GIVEN DATA Start Marker
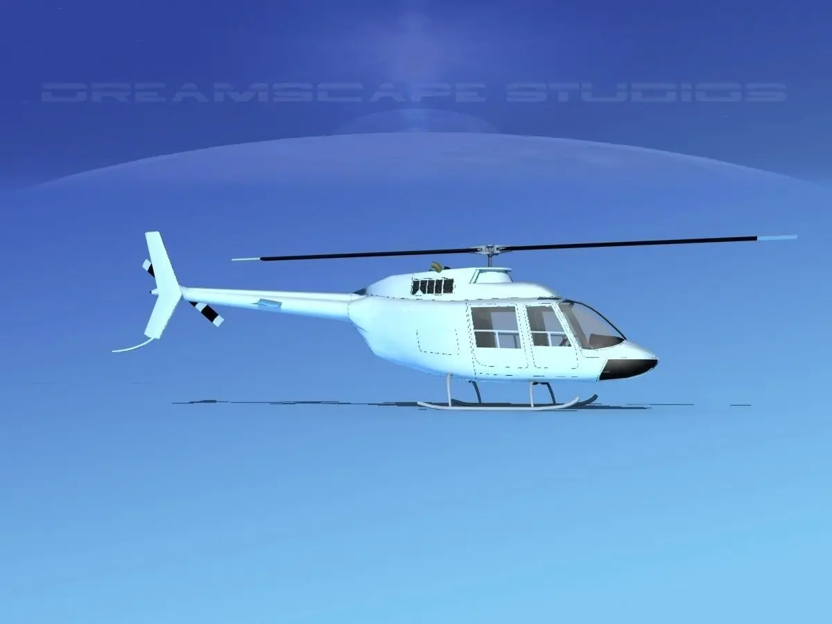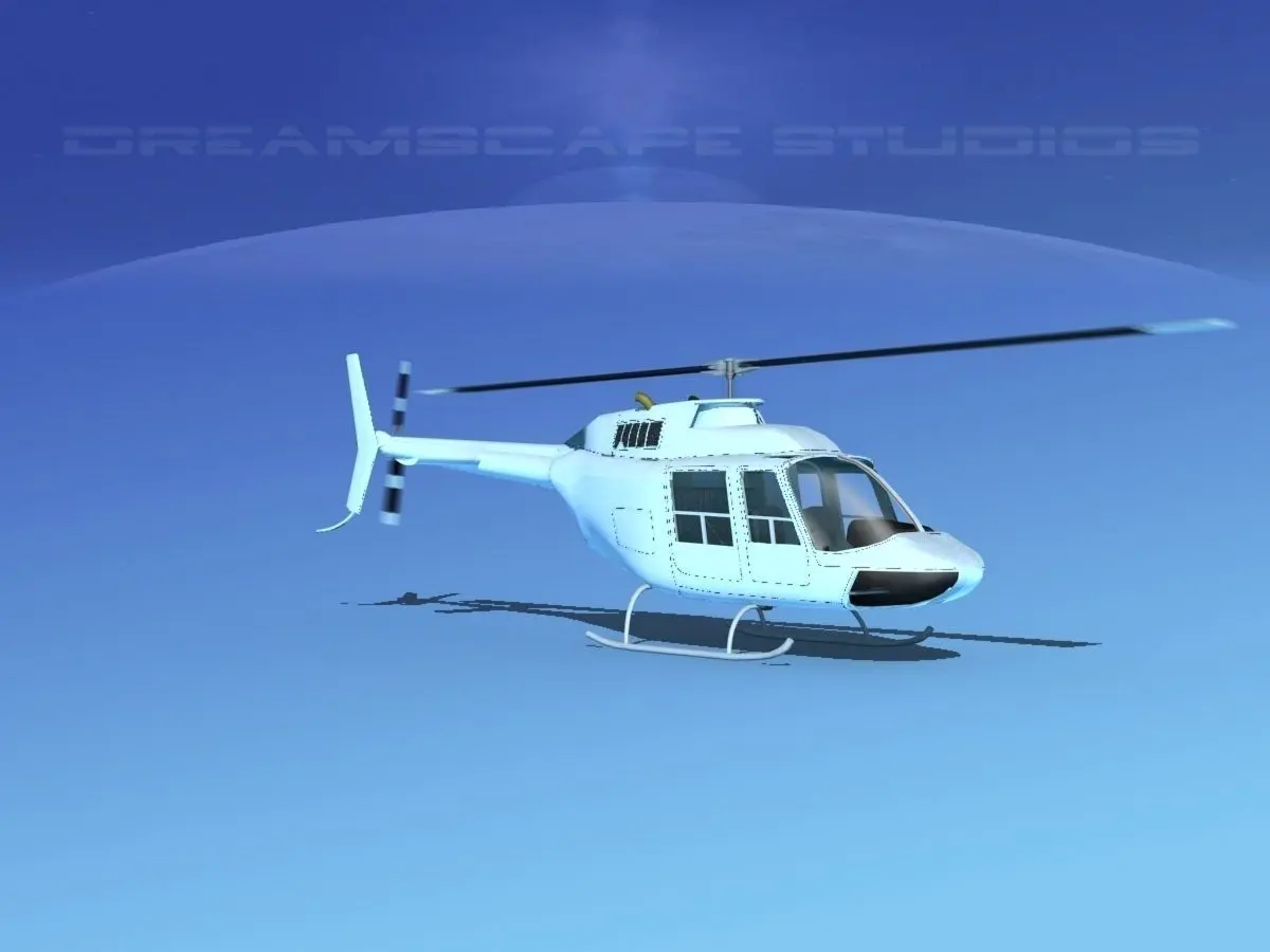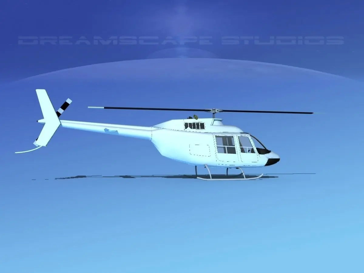 Bell 206 Unmarked This model was originally built in Max 13 near to scale (within 3-4% of scale) and fully textured. It comes with all the materials and textures shown in renderings here. It is available in several formats for a wide variety of end users. This model comes with many different liveries. It is built to be used in in-flight or airport ground animations and video or simulation. It can also be used to populate an airport scene. The model has animated rotor and tail-rotor. The cockpit is semi detailed including control yoke, cyclic, rudder pedals, seating and instrument panel.
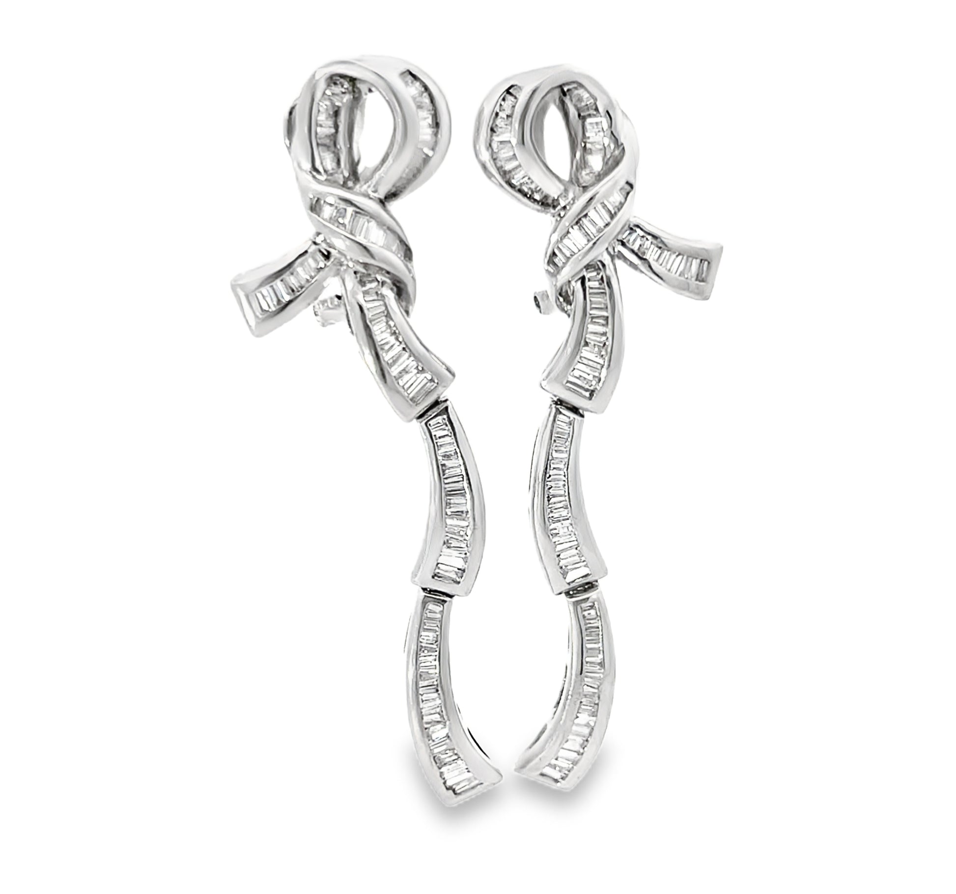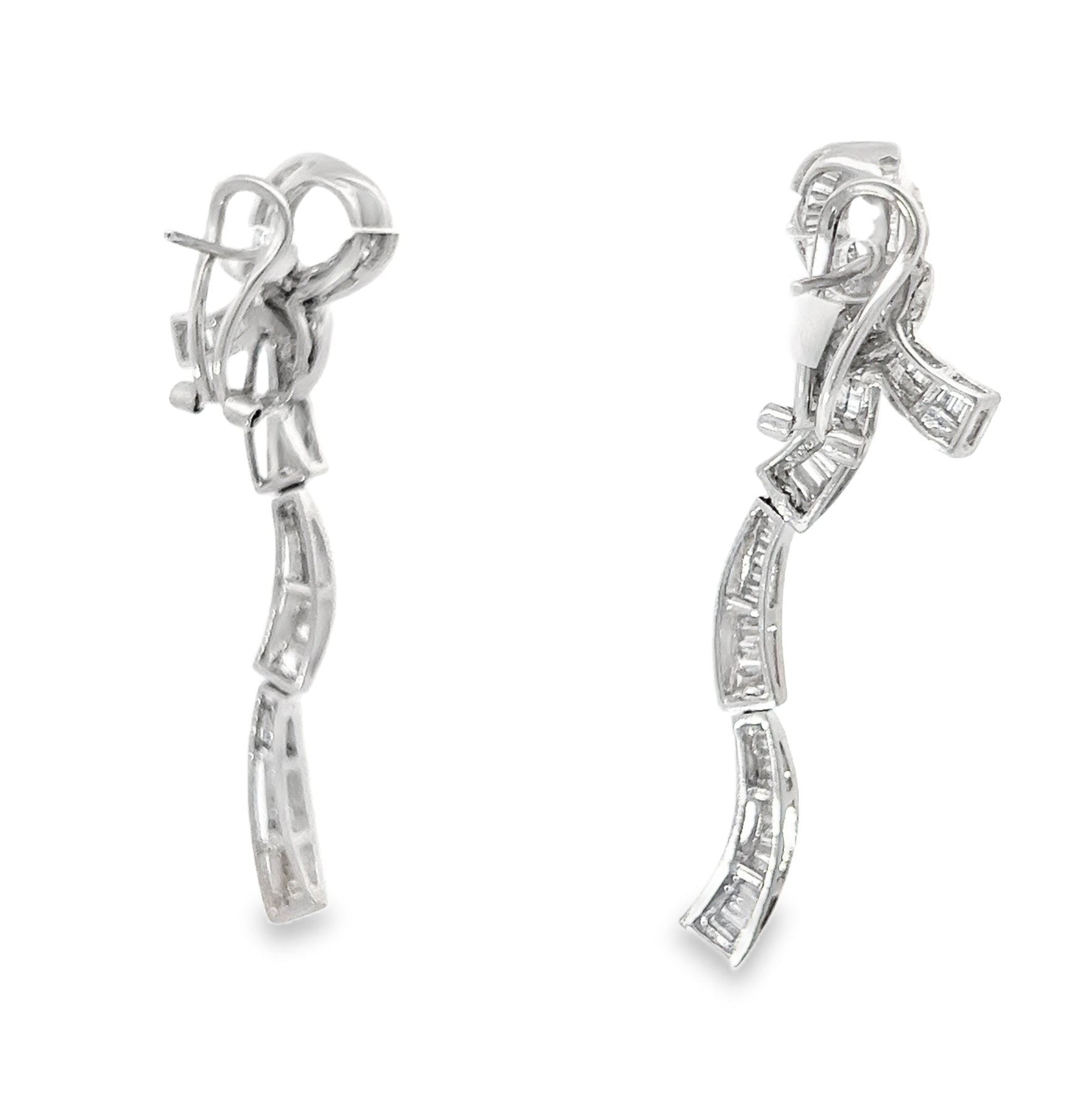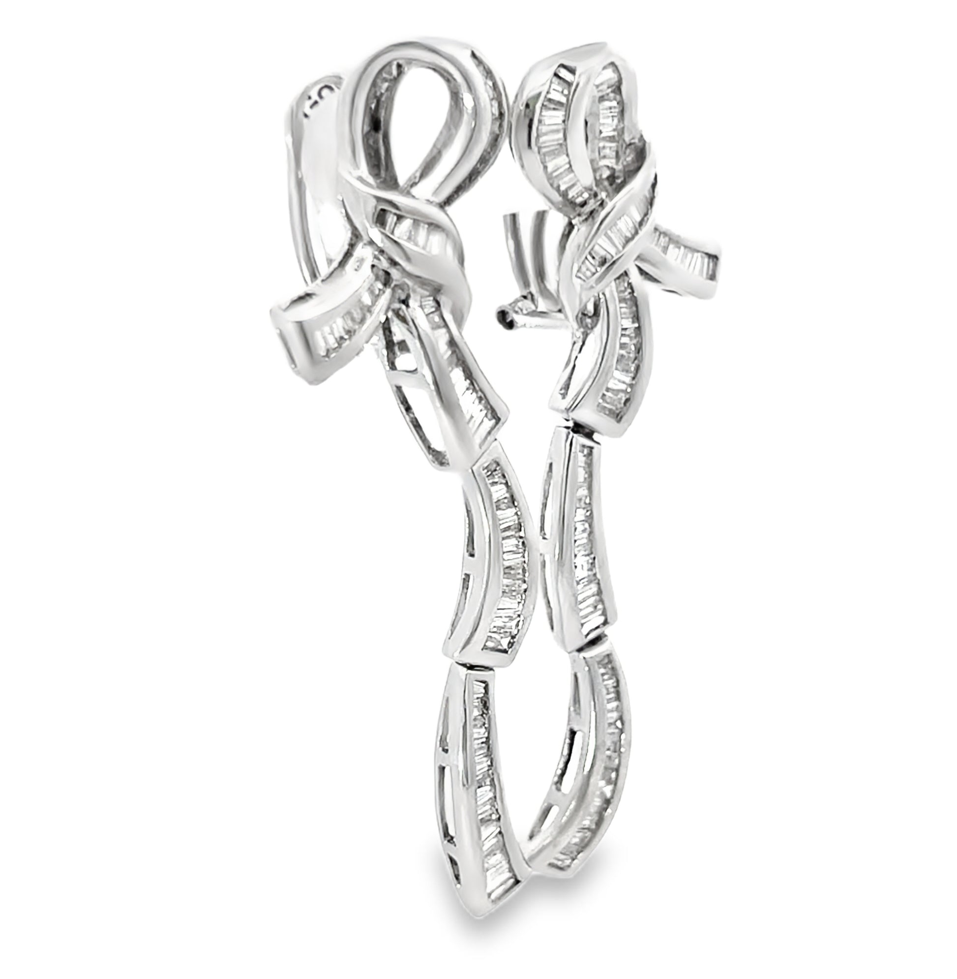 These exquisite Art Deco 18K white gold diamond bow drop earrings radiate vintage elegance with their sophisticated, cascading design. Crafted to capture light with every movement, they are channel-set with tapered baguette diamonds, creating a refined and timeless sparkle. Measuring 2.25 inches in length and 0.5 inches wide, these earrings gracefully dangle from secure lever-back closures for comfortable wear.
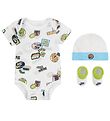 Les justaucorps Nike ont des manches courtes et des épaules repliées. Il y a des bords côtelés étroits au niveau des ouvertures de jambes du gorge et des jambes. Entre les jambes se trouvent à boutons poussoirs pratiques.
GIVEN DATA End Marker
- [WHAT IS NEEDED] Quote the material above exactly, from the line holding "These exquisite Art" through its last line, including both. Omit the pictures.

- [ANSWER]
 These exquisite Art Deco 18K white gold diamond bow drop earrings radiate vintage elegance with their sophisticated, cascading design. Crafted to capture light with every movement, they are channel-set with tapered baguette diamonds, creating a refined and timeless sparkle. Measuring 2.25 inches in length and 0.5 inches wide, these earrings gracefully dangle from secure lever-back closures for comfortable wear.
 Les justaucorps Nike ont des manches courtes et des épaules repliées. Il y a des bords côtelés étroits au niveau des ouvertures de jambes du gorge et des jambes. Entre les jambes se trouvent à boutons poussoirs pratiques.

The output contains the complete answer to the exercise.